If you want to push the docker image to a project that is different than the one you’re using to submit AI Platform Training training jobs, you should grant image pulling access to the AI Platform Training service account in the project that has your Container Registry repositories. The service account is in the format of service-$CMLE_PROJ_NUM@cloud-ml.google.com.iam.gserviceaccount.com and can be found in the IAM console.

Common training and serving errors (TensorFlow)

ML system failure and biases

Training-Serving Skew

Training-serving skew is a difference between performance during training and performance during serving. This skew can be caused by:

A discrepancy between how you handle data in the training and serving pipelines.
A change in the data between when you train and when you serve.
A feedback loop between your model and your algorithm.

6.3 Tune performance of ML solutions for training & serving in production.

Optimization and simplification of input pipeline for training

Make the right trade-off between model accuracy and size for your task: If you plan to serve your model on edge devices that have limited storage and compute resources, it’s better to train a smaller model than has less precision. smaller models are faster to train and produce predictions faster than larger models.
Perform incremental training with a warm start (if possible): In continuous training pipelines, you train your model regularly on new data. If your model implementation doesn’t change from one training iteration to another, you can start the current training iteration using the model that was trained in the previous iteration and tune it using the new data. This reduces the time (and consequently the cost) of training your model every time from scratch using all of the data. It also converges faster than training a randomly initialized model using only the new data. TFX Pipelines has built-in support for warm starts.

Simplification technique

Use reduced-precision floating-point types: Smaller models lead to lower serving latency. When you build a TensorFlow model for online serving, we recommend that you use 16-bit floating-point types (half precision) rather than 32-bit floating-point types (full precision) to represent your data and the weights of your model. You can also use mixed-precision training to maintain numerical stability, to speed up training, and to produce smaller models that have lower inference latency.
Reduce model size using post-training quantization: Post-training quantization is a conversion technique that can reduce your TensorFlow model size while also improving CPU and hardware accelerator latency, with little degradation in model accuracy. Options for post-training quantization include dynamic range quantization, full integer quantization, and float16 quantization.
Clean up artifacts produced by the pipeline steps: Running a pipeline produces artifacts like data splits, transformed data, validation output, and evaluation output. These artifacts accumulate quickly and incur unnecessary storage cost, so you should periodically clean up the artifacts that you don’t need.
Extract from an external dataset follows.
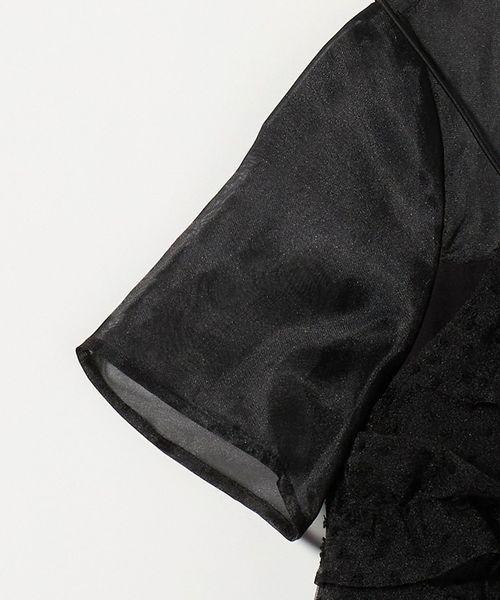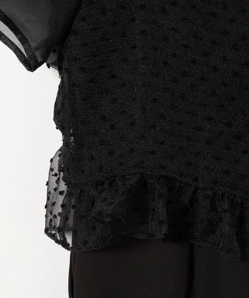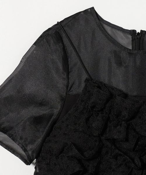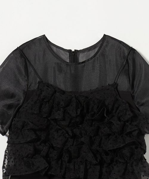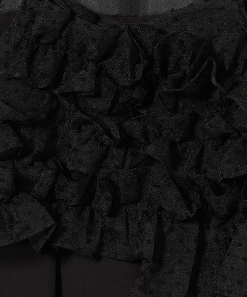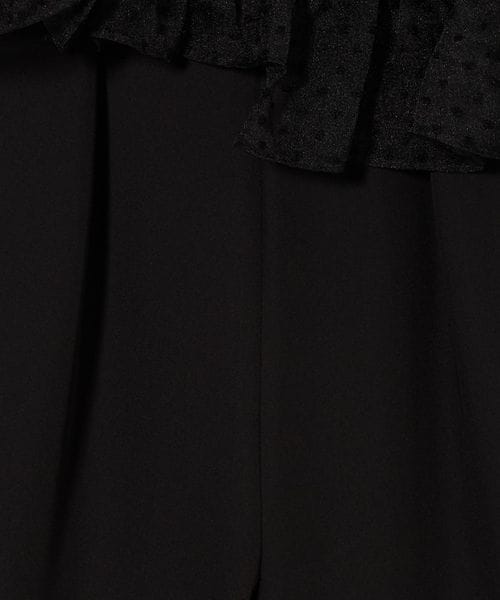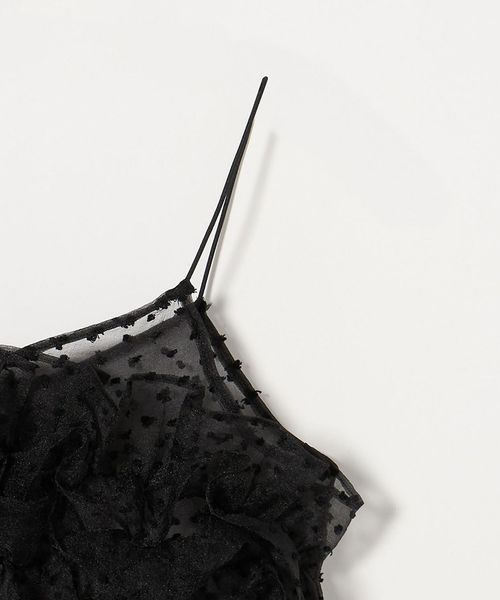 ドットオーガンジーの素材で立体的なフリルをアシンメトリーに施したキャミと、1枚でも着用可能なオールインワンは程よいゆとりの入ったストレートシルエット。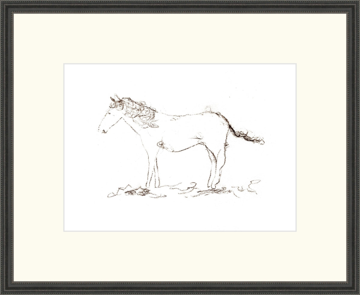 Uploaded Art:Horse Drawing copy.jpg. Frame: Double Beaded Black. Paper: Rag Paper. Art Size: 8x11. Final Size: 13'' X 16''

Identification of appropriate retraining policy

Optimize the frequency of training the model: Monitoring the deployed model for data drift and concept drift. gives you indications that the model might need retrained.

You can automate the ML production pipelines to retrain the models with new data, depending on your use case:

On demand: Ad-hoc manual execution of the pipeline.
On a schedule: New, labelled data is systematically available for the ML system on a daily, weekly, or monthly basis. The retraining frequency also depends on how frequently the data patterns change, and how expensive it is to retrain your models.
On availability of new training data: New data isn’t systematically available for the ML system and instead is available on an ad-hoc basis when new data is collected and made available in the source databases.
On model performance degradation: The model is retrained when there is noticeable performance degradation.
On significant changes in the data distributions. It’s hard to assess the complete performance of the online model, but you notice significant changes on the data distributions of the features that are used to perform the prediction. These changes suggest that your model has gone stale, and that needs to be retrained on fresh data.